FMCG companies struggle to tackle fakes

January 25, 2010 11:13 IST

FMCGsFake products are increasingly contaminating the Rs-1 lakh crore (Rs 1 -trillion) fast moving consumer goods market. They harm one's health and also cost the exchequer nearly Rs 2,700 crore (Rs 27 billion) annually, say analysts.

Almost 15 per cent of consumer goods sales in India is estimated to be of fake products.

In value terms, it stands at about Rs 15,000 crore (Rs 150 billion). At an 18 per cent tax rate, the loss to the exchequer is Rs 2,700 crore (Rs 27 billion).

Despite efforts to curb counterfeiting of FMCGs, it remains rampant, especially in rural areas, where consumer awareness is low and the ability to track shipments is poor.

This has prompted FMCG players to devise ways to act on units that manufacture these products. Emami, for instance, has a separate cell headed by an ex-assistant commissioner of police, whose job is to investigate leads provided by the in-house sales force on places where counterfeit products of its popular brands are made.

Once these are identified, the team and local authorities raid these factories. "On an average, we do at least two to three raids per month," says Aditya Agarwal, director.

Most companies are adopting this model of conducting raids with the help of the local authorities.

"It works faster that way," says C K Ranganathan, chairman & managing director, CavinKare.

Godrej Consumer Products Ltd managing director, Dalip Sehgal, rues: "Counterfeiting has not only led to a lower offtake in products in particular towns but also has an effect on our top line and bottom line".

GCPL has been facing pass-offs of many of its various products, such as Powder Hair dye, deo spray and their toilet soap brand, Godrej No.1.

"The menace is spread across the country," notes Sehgal.

Dabur India recently conducted raids across units in West Bengal, Rajasthan and Ghaziabad involved in the production of Dabur lookalike products. The company had complained to local authorities and seized personal and healthcare products and medicines worth about Rs 2 crore (Rs 20 million).

The company has mapped locations where these activities take place and is going after the spurious manufacturers systematically.

"Leads have been obtained on packaging and label suppliers as well, and Dabur India will spare no efforts to get them all behind bars," said Dabur India director P D Narang.

The seized goods included 50,000 labels of Dabur Gulabari, over 30,000 labels of Dabur Keora water and both filled and empty bottles of different sizes of Dabur Lal Danth Manjan, Honitus and Active Antacid.

Hindustan Unilever has had reports of 118 spurious varieties of their products, Fair and Lovely and Clinic Plus, available in the market. HUL says it has a 'three-pronged approach' to address this.

It includes, as a spokesperson, from the company puts it:

"Creating awareness regarding the problem; engaging with enforcement agencies on implementation and government bodies for changes in laws; and actively taking market action through raids and seizures."

The bigger the company, the larger is its spurious counterpart. To counter this, some companies have changed the packaging and design of their products at frequent intervals to make it difficult for counterfeiters to duplicate these easily.

But, this is expensive, which makes conducting raids the most common pratice of dealing with the menace.

Companies also say most manufacturers of spurious products work in collusion with wholesalers and retailers who stock these, eventually pushing them to unsuspecting consumers, lured by the low price.

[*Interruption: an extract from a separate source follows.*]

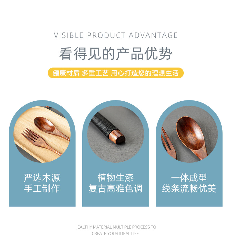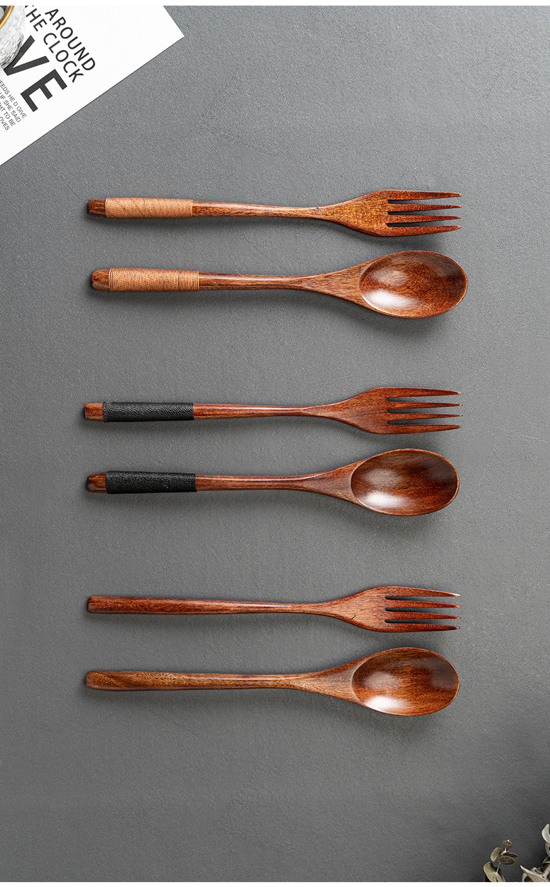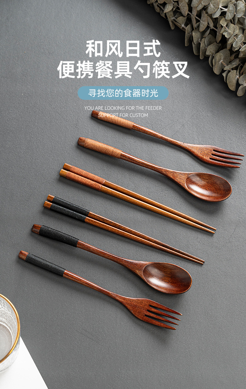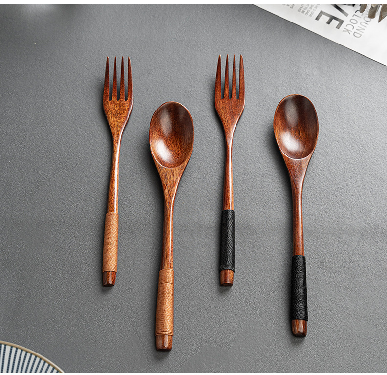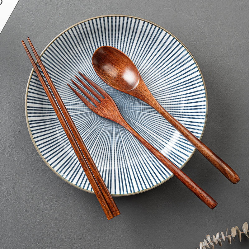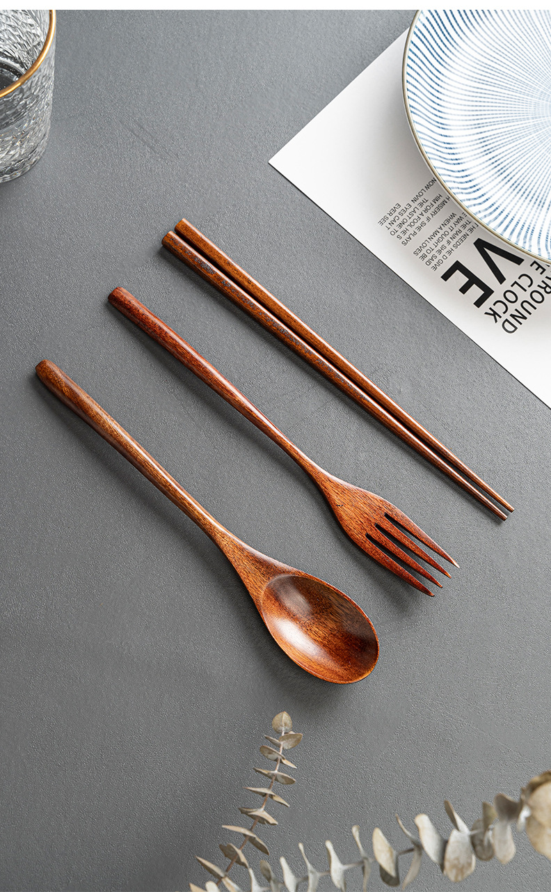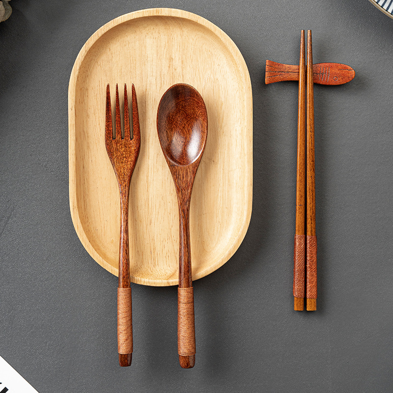 레이저 레터링 나무 숟가락과 포크 젓가락 세트 도매 난무 오래 된 페인트 스푼 젓가락 포크 3 피스 공장 도매
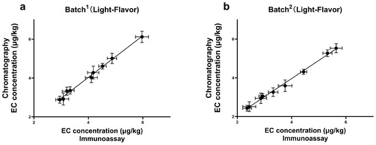 To test the feasibility of the newly established method, a total of 39 samples were collected from Baijiu industry suppliers, including Jiupei and Jiuzao ones. A parallel analysis was performed in these samples, both by the ELISA and the confirmatory method, GC-MS. According to the results (Figure 6), a good correlation was achieved (R2 > 0.99), and the absence of false-negative and false-positive results suggested that this method enabled quick screening and reliable quantification for Jiupei and Jiuzao samples. Furthermore, although various mitigation practices had already been implemented to control EC formation in the whole chain of Baiji, the presence of EC at a level which exceeded the LOD was still observed in all the samples. The detection range of EC was from 2.36 μg/kg to 7.08 μg/kg, with the highest concentration of 7.08 μg/kg in the Jiupei sample. Additionally, the content of EC increased during the fermentation period of Baijiu, which was consistent with the previous literature [11]. Many factors involving in the fermentation and distillation of Baijiu can contribute to EC formation, such as high temperature, pH value, and some strains of bacteria and yeast [11,12]. Our study indicates that the contamination of EC during Baijiu production still exists, and should not be neglected.

The discount in price between the original and fake product is said to be 20-25 per cent. So, even as companies try getting manufacturers under their net, the distributor-retailer end is unaddressed.

By some accounts, almost 10 per cent of the retail universe in the country is dealing in spurious products.

"Though the law is stringent, its enforcement is weak," says the legal head of a FMCG company. "There are discretionary powers given to the enforcement authorities, which means perpetrators are generally not penalised too heavily for the crime they commit."